Leaving out the pictures, return word for word the stretch of entries below from the line holding "3. Sit down" through the line holding "100% Polyester |".

RECORDS SUPPLIED START

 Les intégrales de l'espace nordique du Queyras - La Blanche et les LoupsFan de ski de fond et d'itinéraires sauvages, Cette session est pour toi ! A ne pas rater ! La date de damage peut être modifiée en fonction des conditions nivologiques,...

RECORDS SUPPLIED END
RECORDS SUPPLIED START

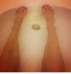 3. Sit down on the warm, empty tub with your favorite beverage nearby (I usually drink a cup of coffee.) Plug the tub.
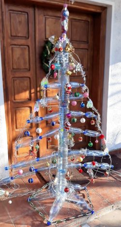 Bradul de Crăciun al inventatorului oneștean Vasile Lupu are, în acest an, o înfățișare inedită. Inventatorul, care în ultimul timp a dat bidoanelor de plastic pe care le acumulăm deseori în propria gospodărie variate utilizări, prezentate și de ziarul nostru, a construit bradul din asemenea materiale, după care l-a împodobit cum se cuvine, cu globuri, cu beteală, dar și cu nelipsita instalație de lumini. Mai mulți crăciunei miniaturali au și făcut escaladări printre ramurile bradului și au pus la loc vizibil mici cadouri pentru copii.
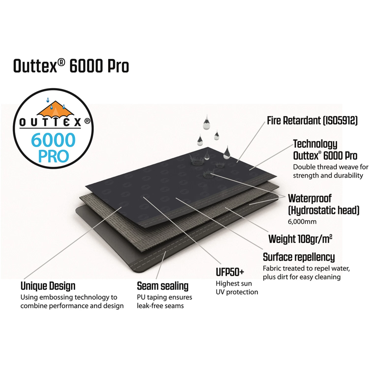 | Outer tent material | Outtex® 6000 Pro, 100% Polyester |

RECORDS SUPPLIED END
RECORDS SUPPLIED START

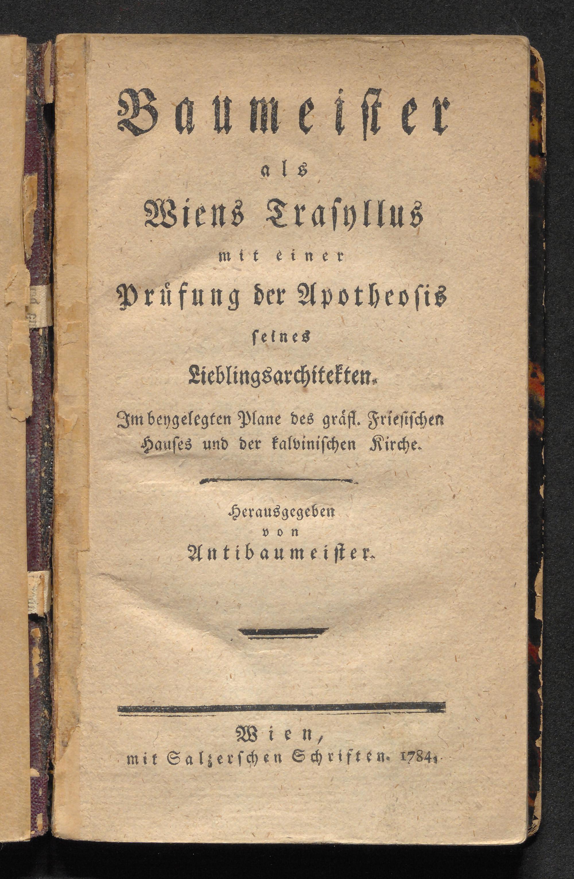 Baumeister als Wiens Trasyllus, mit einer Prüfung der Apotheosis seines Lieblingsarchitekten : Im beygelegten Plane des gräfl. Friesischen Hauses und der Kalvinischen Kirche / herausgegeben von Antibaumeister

RECORDS SUPPLIED END

OUTPUT BELOW:
 3. Sit down on the warm, empty tub with your favorite beverage nearby (I usually drink a cup of coffee.) Plug the tub.
 Bradul de Crăciun al inventatorului oneștean Vasile Lupu are, în acest an, o înfățișare inedită. Inventatorul, care în ultimul timp a dat bidoanelor de plastic pe care le acumulăm deseori în propria gospodărie variate utilizări, prezentate și de ziarul nostru, a construit bradul din asemenea materiale, după care l-a împodobit cum se cuvine, cu globuri, cu beteală, dar și cu nelipsita instalație de lumini. Mai mulți crăciunei miniaturali au și făcut escaladări printre ramurile bradului și au pus la loc vizibil mici cadouri pentru copii.
 | Outer tent material | Outtex® 6000 Pro, 100% Polyester |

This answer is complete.